Haru is a GPU Hardware Abstraction Layer (HAL) for LLM inference fleets, inspired by the role the HAL plays in an operating system: it gives higher-level systems a small, stable, provider-neutral surface over messy, heterogeneous GPU infrastructure. The name also reads as haru (spring: 春) in Japanese.

日本語版 README

Why Haru exists

Products that host LLM inference need GPU lifecycle management: provisioning machines, supervising runtimes, failing over between regions, deciding where traffic should go. Embedding that logic into a product control plane couples it to one deployment and one provider. Haru extracts it into an independent layer with its own state store, so a product control plane can stay focused on users, catalogs and metadata, and consume Haru through a small HTTP API.

The Active/Standby architecture

Haru's initial mission is hot failover for self-hosted LLM inference at the cost of zero idle GPUs:

  • The active domain serves OpenAI-compatible inference traffic.

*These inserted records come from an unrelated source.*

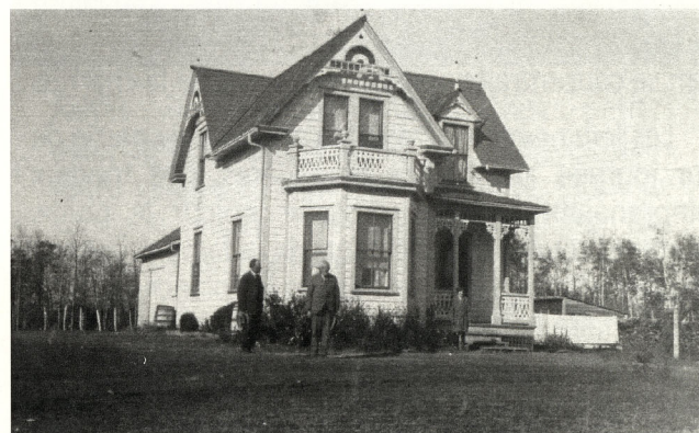
La maison du médecin Touchet à Duck Lake.
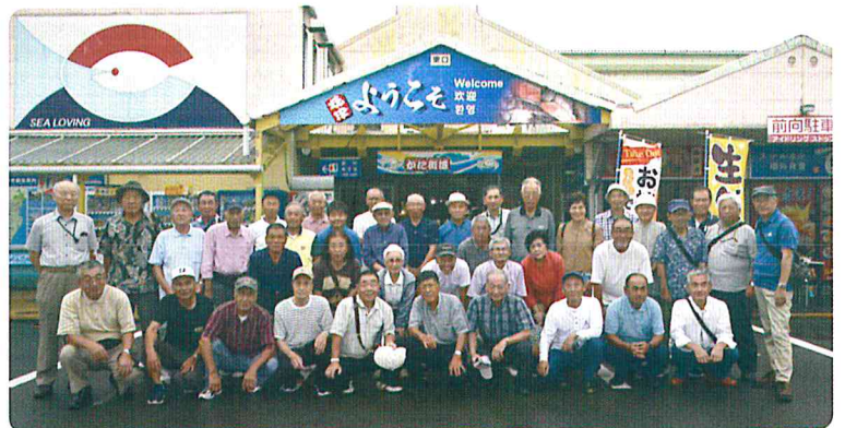
会員親睦会主催の焼津バス旅行。案内チラシは連絡委員が配布し42人が参加した

地区班が単なる連絡網にならないようにするには、班活動を通じて事業団の理念を会員に浸透させることが肝要です。
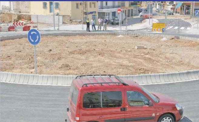
Ya está terminada la segunda gran rotonda del bulevar del arroyo.
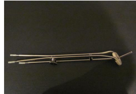
Applicateur pour le traitement
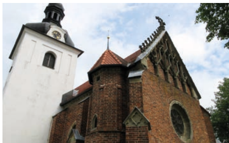
Kostel sv. Mikuláše

vesnické baroko a ne že se ocitne tváří v tvář stavbě jak z německé učebnice středověku. Díváme se na jednu z nejvýznamnějších (a také nejméně známých) gotických pamětihodností západních Čech, která byla po právu vyhlášena národní kulturní památkou. Stavěla ji zejména řezenská stavební huť, která vybudovala tamní katedrálu a naumburský chrám.

  • The standby domain keeps the same model runtimes resident, but puts vLLM into level 1 sleep mode: the server process stays alive, model weights are offloaded to CPU RAM and the KV cache is discarded. This frees the standby GPUs' VRAM, which is used to run preemptible LoRA training while the domain waits.

  • When the active domain fails, Haru promotes the standby:

    1. stop LoRA training (SIGTERM, then SIGKILL after a grace period; checkpointing is best-effort inside the grace window and failover never waits for a perfect checkpoint - training is required to be checkpoint/resume oriented),
    2. verify the GPUs actually released the training VRAM,
    3. wake vLLM (level 1 sleep makes this the fastest possible path: weights come back from CPU RAM instead of disk),
    4. run a synthetic inference probe against every model,
    5. flip the routing pointer (a single database compare-and-swap),
    6. best-effort: put the old active to sleep and hand it the training workload.

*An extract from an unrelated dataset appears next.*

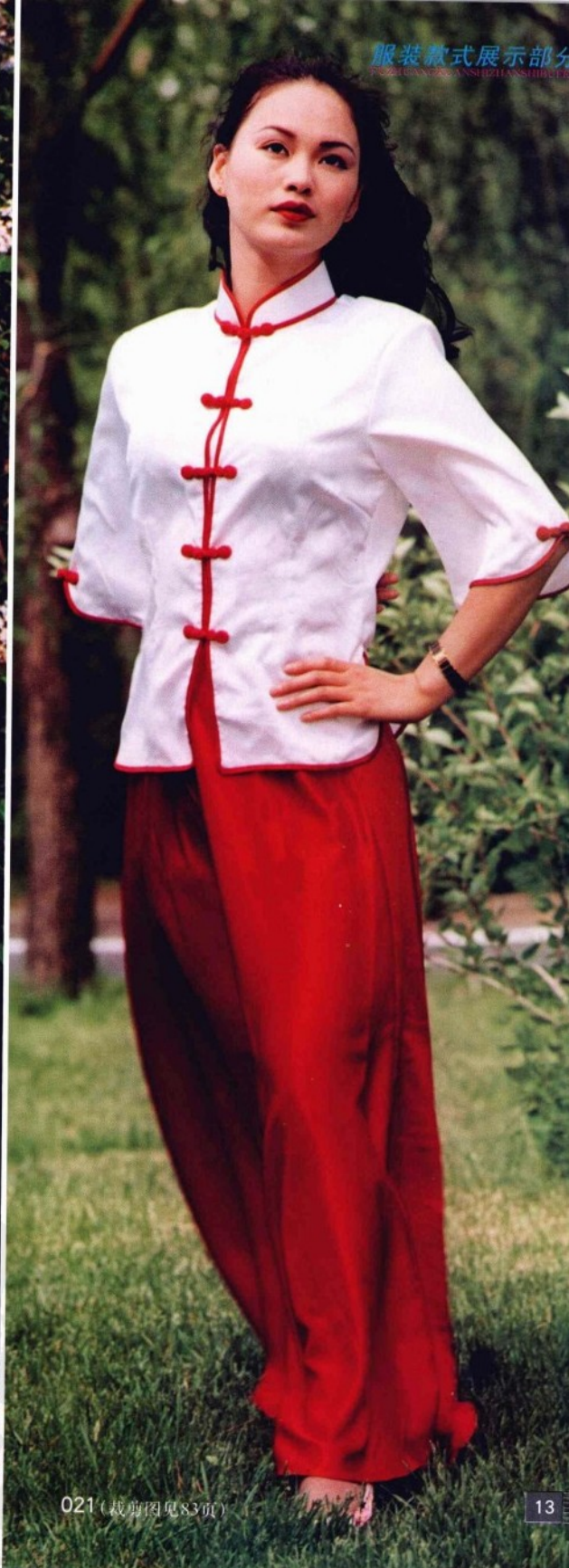
021 (裁剪图见 83 页)

    A promotion that fails before step 5 never moves routing: the old active keeps serving.

The intended layout is one GPU hosting a bundle of smaller models (one vLLM server per model) and a second GPU hosting one large model, mirrored across two failure domains (different regions or different clouds). Haru itself hard-codes none of this: fleets, domains, slots, models and placement are all data.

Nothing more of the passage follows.